Am 18. November 2025 wurde im Ernst-Happel-Stadion in Wien ein Kapitel österreichischer Fußballgeschichte neu geschrieben. In einem nervenaufreibenden, lange Zeit verkrampften WM-Qualifikationsspiel erkämpfte sich das österreichische Nationalteam gegen Bosnien-Herzegowina ein 1:1-Unentschieden – ein Punkt, der genügte, um das Ticket zur FIFA Weltmeisterschaft 2026 zu lösen. Es ist die erste WM-Teilnahme Österreichs seit 1998.
Die Ausgangslage war klar – und druckvoll: Ein Remis würde reichen, eine Niederlage hätte den Umweg über die Play-offs bedeutet. Vor ausverkauftem Haus war von Beginn an spürbar, was auf dem Spiel stand. Österreich übernahm früh die Initiative, dominierte Ballbesitz und Spieltempo, tat sich jedoch schwer, gegen die tief stehenden Gäste klare Chancen herauszuspielen.
Bosnien präsentierte sich effizient. In der 12. Minute nutzte Haris Tabaković eine Standardsituation zur Führung – ein früher Wirkungstreffer, der die ohnehin vorhandene Nervosität im österreichischen Spiel noch verstärkte. Trotz klarer spielerischer Vorteile fehlte es dem ÖFB-Team in der Folge an Durchschlagskraft im letzten Drittel.
Die Hausherren erhöhten gegen Ende der ersten Halbzeit den Druck. Abschlüsse von Seiwald und Sabitzer brachten Gefahr, der Ausgleich lag in der Luft. Als Konrad Laimer schließlich traf, explodierte das Stadion – doch der Jubel währte nur kurz. Nach VAR-Überprüfung wurde der Treffer wegen eines vorangegangenen Fouls aberkannt. Österreich ging mit einem bitteren Rückstand in die Pause.
Nach dem Seitenwechsel zeigte sich ein anderes Bild – zumindest in der Haltung. Österreich kam mit Entschlossenheit zurück, schnürte Bosnien über weite Strecken in der eigenen Hälfte ein und drängte auf den Ausgleich. Die Gäste kamen kaum noch zu Entlastung, verteidigten jedoch weiterhin kompakt und diszipliniert.
Teamchef Ralf Rangnick reagierte, brachte frische Kräfte – und bewies ein glückliches Händchen. Mit zunehmender Spieldauer wurde der Druck erdrückend, das Happel-Oval spürbar unruhiger. Dann, in der 77. Minute, fiel der Moment, auf den ganz Fußball-Österreich gehofft hatte: Nach einer Flanke von Sabitzer und einer unübersichtlichen Szene im Strafraum war es Michael Gregoritsch, der goldrichtig stand und den Ball aus kurzer Distanz kompromisslos im Netz unterbrachte.

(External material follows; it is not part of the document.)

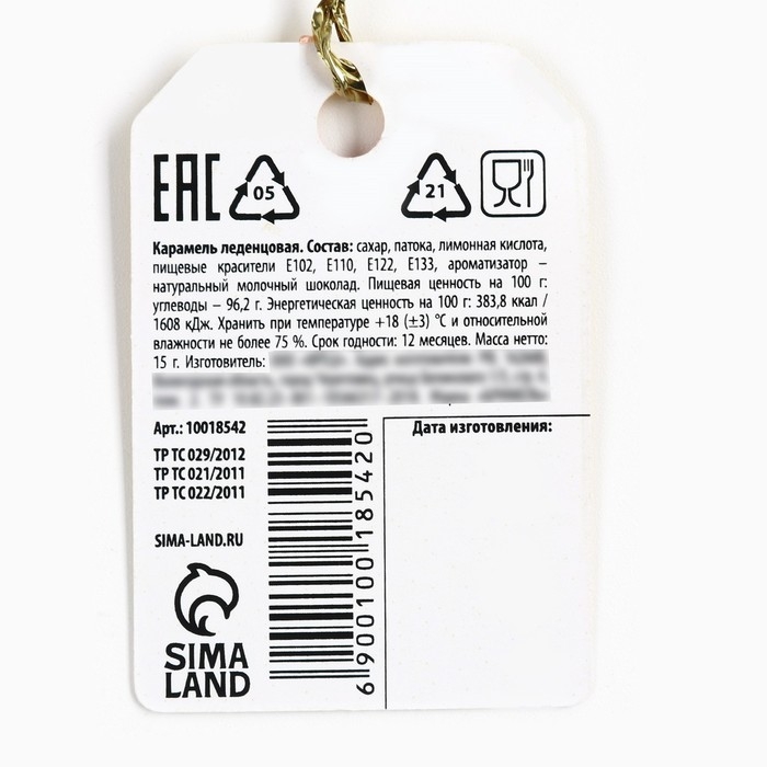 Состав: сахар, патока, лимонная кислота, пищевые красители Е102, Е110, Е122, Е133, ароматизатор – натуральный молочный шоколад.

Der Ausgleich war mehr als ein Tor – er war Erlösung. Die letzten Minuten gehörten dem Willen, der Konzentration und der kollektiven Entschlossenheit. Bosnien fand kein Mittel mehr, Österreich brachte den entscheidenden Punkt kontrolliert über die Zeit. Kurz vor Schluss bot sich Gregoritsch sogar noch die Chance auf den Siegtreffer, doch auch ohne diesen war klar: Das große Ziel war erreicht.

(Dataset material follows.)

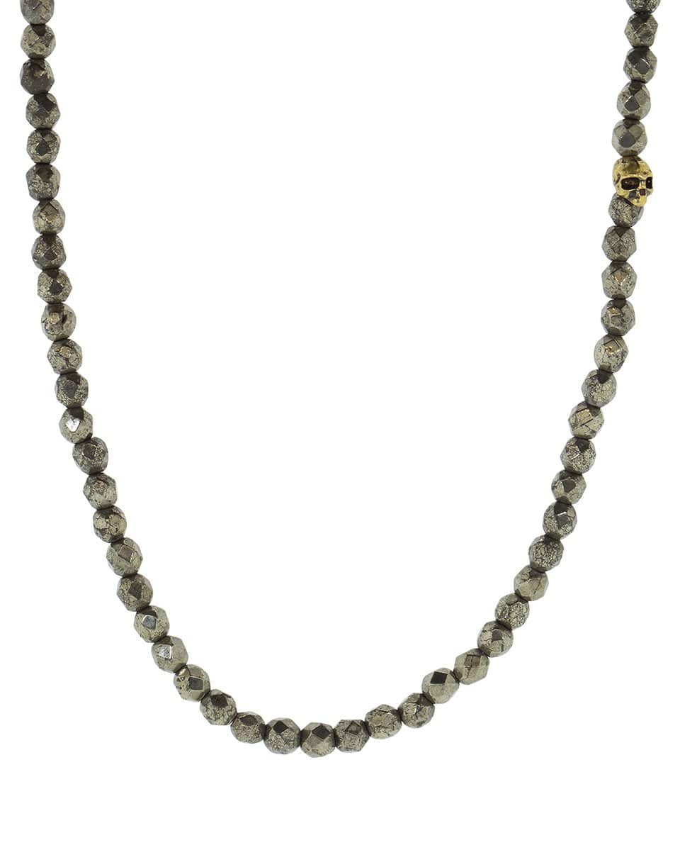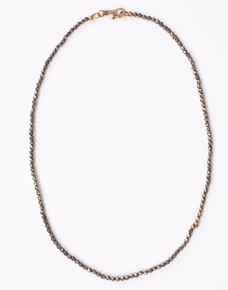 4mm pyrite and brass skull bead necklace with fold over skull clasp from John Varvatos.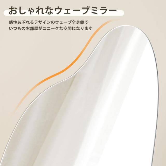 【イレギュラミラーなデザイン】曲線をフレーム部に採用し、ミラ一の視覚的新しい空間が生まれ、お部屋がよりおしゃれで広くなります。

Mit diesem Remis beendet Österreich eine 28-jährige WM-Durststrecke. Ein Abend, der weniger durch spielerischen Glanz als durch Mentalität, Geduld und Zusammenhalt geprägt war – und gerade deshalb in Erinnerung bleiben wird. Der Blick richtet sich nun auf Dezember, wenn die Gruppenauslosung für die WM 2026 erfolgt. Doch an diesem Abend war all das nebensächlich.
Österreich ist zurück auf der größten Bühne des Weltfußballs.